Chegará o momento em que ou o governo aumenta drasticamente os tributos ou para bruscamente de gastar
Para ofertar os serviços públicos e construir as obras, o governo monta a máquina estatal, composta de funcionários, prédios, equipamentos e materiais no âmbito dos três poderes. Os economistas puristas e defensores da austeridade extrema defendem que o governo deve arrecadar tributos na estrita medida do necessário para cobrir todos os seus gastos e não deve fazer dívidas, sobretudo porque as dívidas impõem o pagamento de juros – reduzindo os orçamentos do futuro para pagar os mesmos gastos – e por exigirem o pagamento do capital principal tomado por empréstimo.
Entretanto, para o caso de obras de custo elevado e retorno longo e lento – como é o caso das ferrovias, das grandes usinas hidrelétricas e dos portos –, é defensável que o governo busque financiamento bancário de longo prazo, como ocorre com os financiamentos tomados dos organismos internacionais, com prazos de 30 anos e taxa de juros relativamente baixa. Esses investimentos, uma vez colocados à disposição da sociedade, são utilizados ao longo de décadas – alguns até por séculos, como é o caso das ferrovias – e faz sentido, portanto, que as gerações futuras ajudem a pagar os custos do investimento e dos encargos de seu financiamento.

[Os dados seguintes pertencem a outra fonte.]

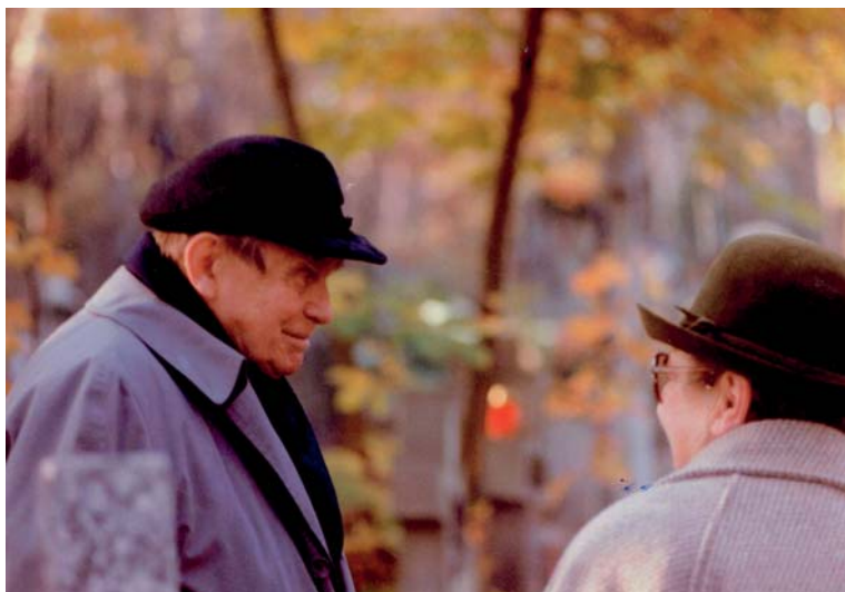
Cz. Miłosz spotyka repatriantkę na sopockim cmentarzu, listopad 1993.

O problema começa quando a dívida pública começa a ser usada para pagar déficits gerados por excesso de gastos correntes com pessoal, custeio da máquina estatal e serviços públicos consumidos pelas gerações do presente. Isso está ocorrendo no Brasil. A dívida pública bruta interna e externa em 2008 era de R$ 1,4 bilhão e representava 55% do Produto Interno Bruto (PIB); as previsões mais pessimistas dizem que o endividamento do governo nos três níveis pode terminar 2016 perto de R$ 3,9 trilhões, equivalente a 66% do PIB.
A carga tributária atual gira em torno de 36% do PIB e, se governo não fizer superávit primário (receitas totais menos gastos antes do pagamento dos juros), a dívida crescerá em total equivalente aos juros mais o déficit primário. Nessa situação, chegará o momento em que a escolha terá de ser radical: ou o governo aumenta drasticamente os tributos ou para bruscamente de gastar. Se não fizer isso, restará a saída de emitir moeda e, assim, lançar a economia em inflação e empobrecimento. Já passou da hora de governo e sociedade enfrentarem o problema da dívida pública, pois ela foi longe demais e tornou-se um perigo para o futuro da nação.